Fall, 1984: A meeting room next to the Students’ Affairs Dept. @ Institute of Medicine 1

“Alright, let’s get rolling with the meeting” hollered Ko Aung Myint Htoo, who was the chief editor of medical school’s annual magazine. “As usual, now is the time of the year to elect new members of the magazine committee. We need one representative from each class for both Myanmar and English sections. For the most part in senior classes, the committee members remain unchanged from the previous year unless one resigns or another challenger comes up which often is never. Nobody wants to spend countless and thankless hours working on the magazine unless you are a literary nut. Even for a literary lover, most rather contribute articles than be in the actual magazine committee. But it is a little different for the second MB class who had just entered the medical school. This will be their first year in the magazine committee and we expect to have some fresh blood. Secretary Ko Ye Tint Kyaw, have you counted the ballots?

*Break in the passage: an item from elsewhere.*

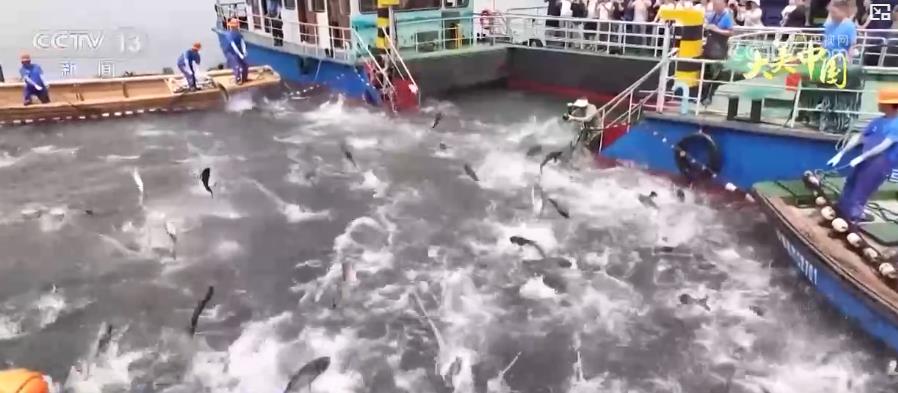 在淳安千岛湖,盛夏的“调色盘”将星罗棋布的岛屿染成了葱茏的绿色。澄澈的湖面上,一曲水上“交响乐”正在上演:数十位捕捞队队员合力收拢巨网,万尾鲜鱼银鳞跃动,在日光中泼洒出丰收的金色华章,这是属于千岛湖的独特“夏收”,鱼跃人欢的场面吸引了大批游客前来观赏和体验。

It sounded quite democratic but to be honest, like anywhere in the world, there also was a little inner circle of literary lovers or a magazine mafia in the schools. Most of the times, those who were already in the magazine committee would do a scouting work by looking at who submitted stories and poems the previous years. Then they would indirectly coax or guide those individuals to run for the election and win. The only exception may be in the English section where the faculty advisors from the department of English often suggest a few names who were strong in English based on their personal connection or the English test scores. Ko Ye Tint Kyaw announced, “Ma Hlaing Myat Thu for the English section and Ko Nyi Nyi Naing for the Myanmar section from the second MB class. Make sure you two mark your calendars to be available on the first Wednesday of the month. That day after school, magazine committee meets monthly”.

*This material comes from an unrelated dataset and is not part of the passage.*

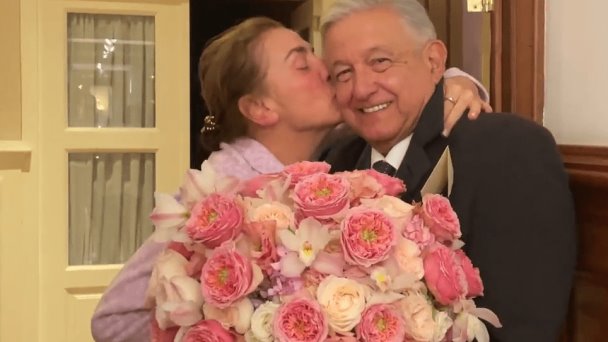 En otro momento de la grabación, se ve al mandatario federal entregándole un ramo de flores de color rosa

That did not come as a surprise. Hlaing Myat Thu’s English was impeccable since she spent a few years overseas as a kid when her father was working as a junior officer at the Ministry of Foreign Affairs.  While Nyi Naing and many others who graduated from the district high schools with socialist era English curriculum struggled to write a page long narrative, she was composing poems in English like a native speaker then. As different as their backgrounds were, they fast became friends. She was head strong for a Myanmar girl and many mistook her for being a prude whereas in reality she was being independent and outspoken. She was just a bit bohemian. Nyi Naing always wondered if poet (sayamagyi) Kyi Aye’s persona would have been like Hlaing when she was young. Hlaing liked Nyi Naing for of his humility, honesty and sincerity which were rare qualities among the male medical students. Most were either nerdy book worms or spoiled brats who were treated as privileged ones in the families just because they got into the medical school. As a result, most had substandard EQs and zero interpersonal relationship skills. Nyi Naing was a rare exception. Perhaps his parents, both of whom were high school teachers, coached him well.

Fall 1985: At the corridor next to the third MB lecture hall, IM-1.

“Nyi Naing, may I speak you for a moment?” said Tun Oo. It caught Nyi Naing by surprise. Sure, he knew Tun Oo, who didn’t? But they would never consider each other as close friends to make casual chats while passing by. He was a big shot, son of a famous consultant physician in Yangon and was also an academic high achiever. He got distinctions every year in medical school. He came to school driving his own car when Nyi Naing daily commuted via the ever-crowded Yangon City Buses from public transportation service.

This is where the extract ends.